Una vez pasadas las fiestas de navidad, procede hacer un balance de la situación. Más que nada, para ver cómo paliamos los efectos de tantos días de excesos.
En el apartado físico, el resultado del estudio es desolador y los daños colaterales, importantes: No sólo nos hemos gastado buena parte de la paga extra en comidas más o menos exóticas, sino que, además del dispendio, hemos engordado un par de kilos y hemos perdido esa precaria forma física que nos acompañó todo el otoño, por lo que, por un lado, procede empezar una dieta tan severa y efímera como la del año pasado. Por el otro, hay que andar diez kilómetros todos los días, sin ningún tipo de excusa.

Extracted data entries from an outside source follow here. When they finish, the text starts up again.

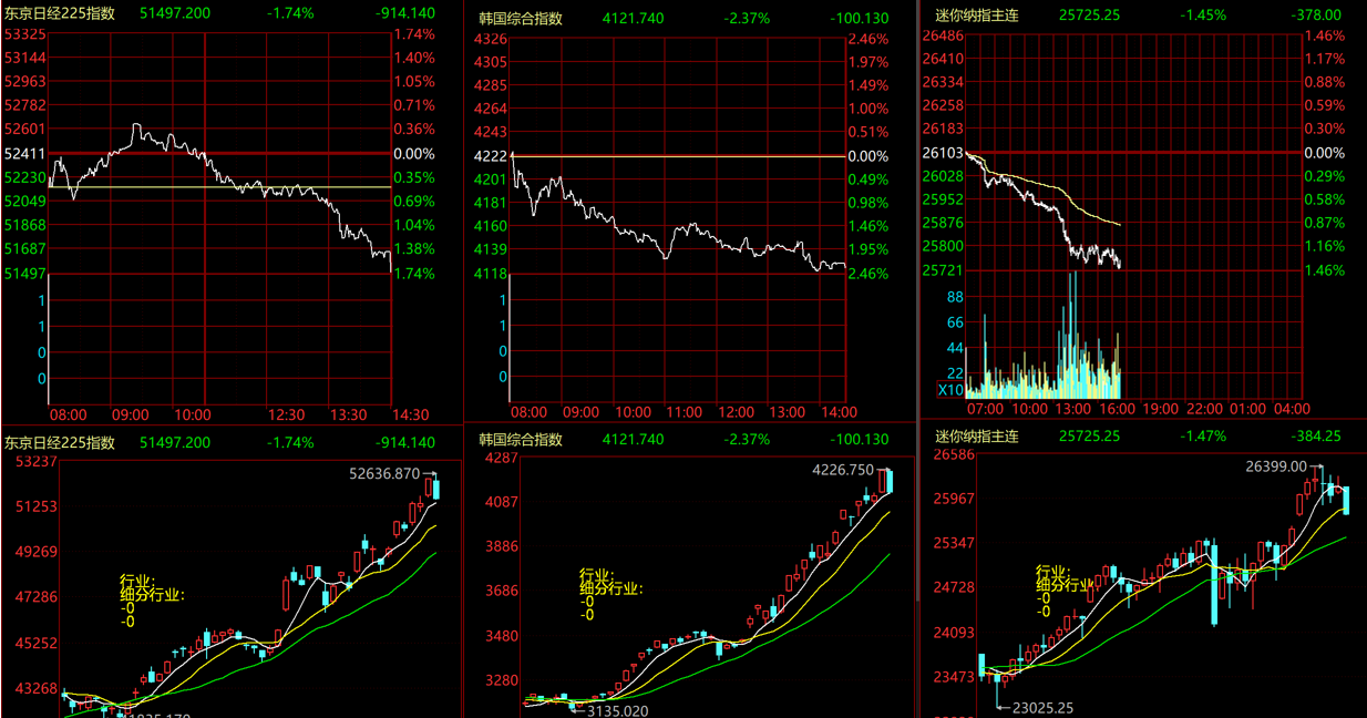 全球及中国股市近期表现 - 中国A股市场再度缩量探底,两市成交额重新跌破2万亿,创业板指和深成指领跌,沪指在银行等红利板块护盘下表现相对抗跌[1] - 创业板指向下反包昨日小阳线并跌破30日均线,科创50指数走出日线四连阴,沪指仍得到20日均线支撑,短期或以时间换空间的区间震荡结构为主[1] - 近期大涨板块轮动明显,包括福建自贸/海西概念、针基熔盐堆、医药、锂电池、业绩增长、ST股等[3] 国际投行对全球市场的展望 - 高盛和摩根士丹利警告投资者,未来两年全球市场将出现回落[4] - 两大投行均指出未来几年亚洲将成为全球市场中的亮点[4][6] - 高盛预计全球资本配置者将继续对中国感兴趣,摩根士丹利看好中国、日本和印度股市[4][6] TMT板块的资金状况与风险 - 机构资金高度集中于TMT板块,形成"史诗级抱团",股价已包含大量乐观预期[7] - 公募基金整体股票仓位处于高位,其继续加仓TMT的能力减弱,板块表现需依赖其他增量资金如外资、险资[7][9] - TMT板块面临高拥挤度下的波动隐患,高估值背景下上市公司业绩能否匹配预期存在压力,电子等板块的融资盘活跃可能放大波动[9]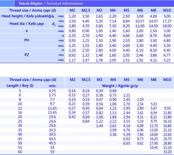 • DIN 965 ISO 7046 YILDIZ HAVŞA BAŞ VİDA (YHB)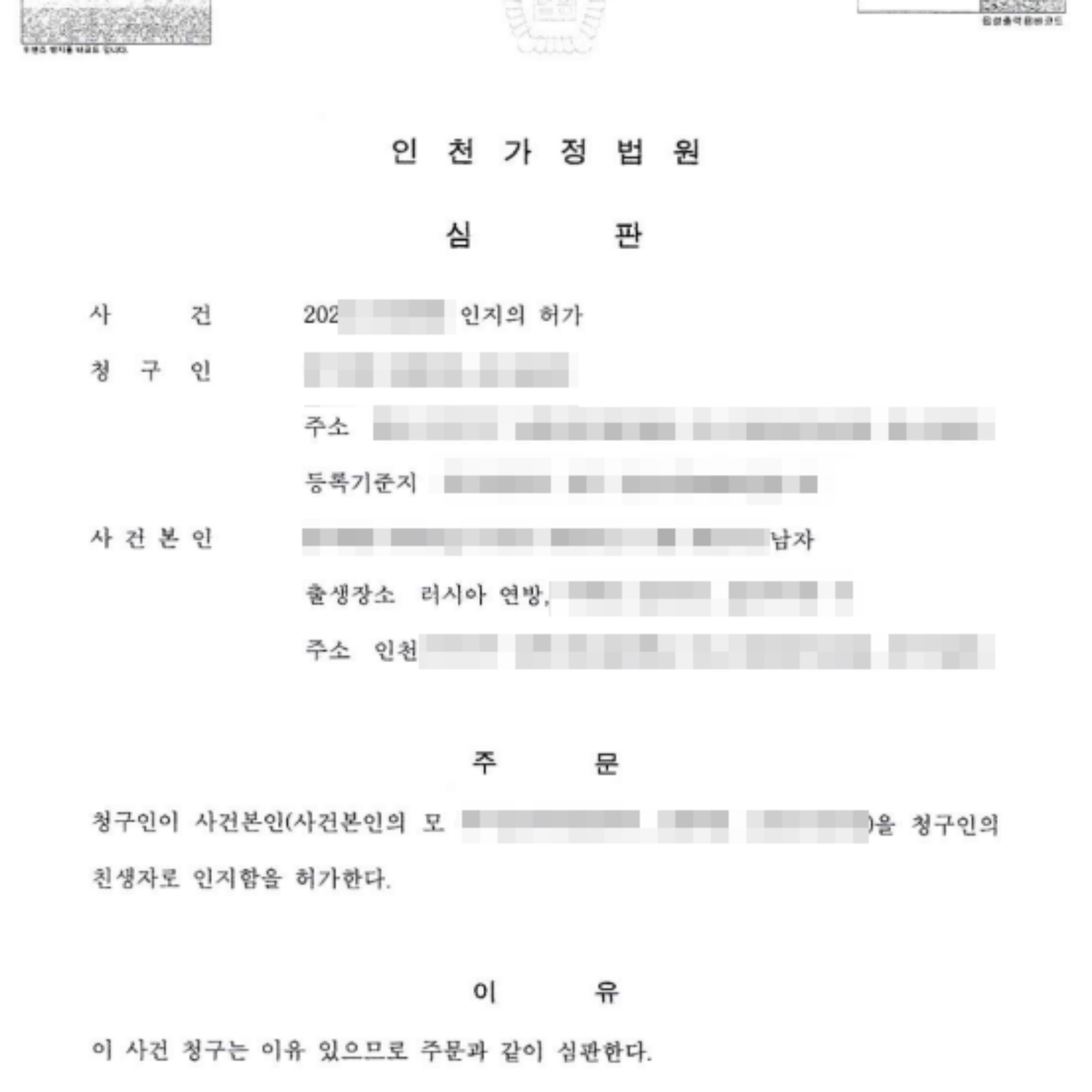 생부와 혼외자 사이의 친자관계는 인지에 의하여 법적으로 성립한다.

A ver si levanta esta puñetera niebla y templa un poco, que hace un frío que pela.
Queda por resolver el asunto de los dulces sobrantes, que no apetecen a nadie, no sólo por el aporte calórico, sino porque ese turrón se está poniendo algo pringoso y los roscos de vino no me han gustado nunca. Con toda seguridad, dentro de unos días, cuando alguien observe que siguen estando en el mismo sitio, se irán al cubo de la basura. Como el año pasado.
En la parte emocional la cosa va mejor, aunque hay algún elemento perturbador. Porque también en estas fiestas cometemos excesos emocionales.
Vamos a ver: ¿Por qué le tengo que desear un año nuevo colmado de felicidad al vecino, del que sospecho que me roba la wifi cada vez que me descuido, y que cuando coincidimos en el ascensor no es capaz de mirarme a la cara –será el sentimiento de culpa– y se pasa el viaje mirando para el techo, como un pasmarote; o al policía municipal que me puso una multa la semana pasada por cinco minutos que dejé el coche en zona de carga y descarga, ¡Cinco jodidos minutos!; o al jefe, que me putea todo el año, que me escatima un euro siempre que puede y que cree que todo queda olvidado con una cena de empresa, en la que invita a unas fuentes de langostinos congelados y a una paletilla de cordero australiano?
Menos mal que, algunas veces, vienen los hijos, con los nietos, que hace un mes que no vemos.
¡Qué placer y qué relajo da ver a los últimos jugando al fútbol en el pasillo con esa expresión compungida que ponen cuando rompen esa figura que nos gustaba tanto….!
Y sus caritas felices con sus consolas, tablets, muñecas y demás juguetes repartidos por el sofá y la alfombra y con los envoltorios por todas partes…
Hoy no toca hablar de otros muchos niños, con el mismo derecho a ser felices que los anteriores pero que no tienen esa sonrisa luminosa Y no la tendrán, porque pertenecen a ese grupo –desgraciadamente, cada vez más numeroso– de familias que han traspasado el umbral de la pobreza, en las que no hay ningún tipo de ingreso, que sobreviven casi de milagro y que, a pesar de las palabras del Mariano Rajoy de turno, no ven la luz al final del túnel, sino una oscuridad cada vez más agobiante.
Definitivamente, no me gustan las Navidades.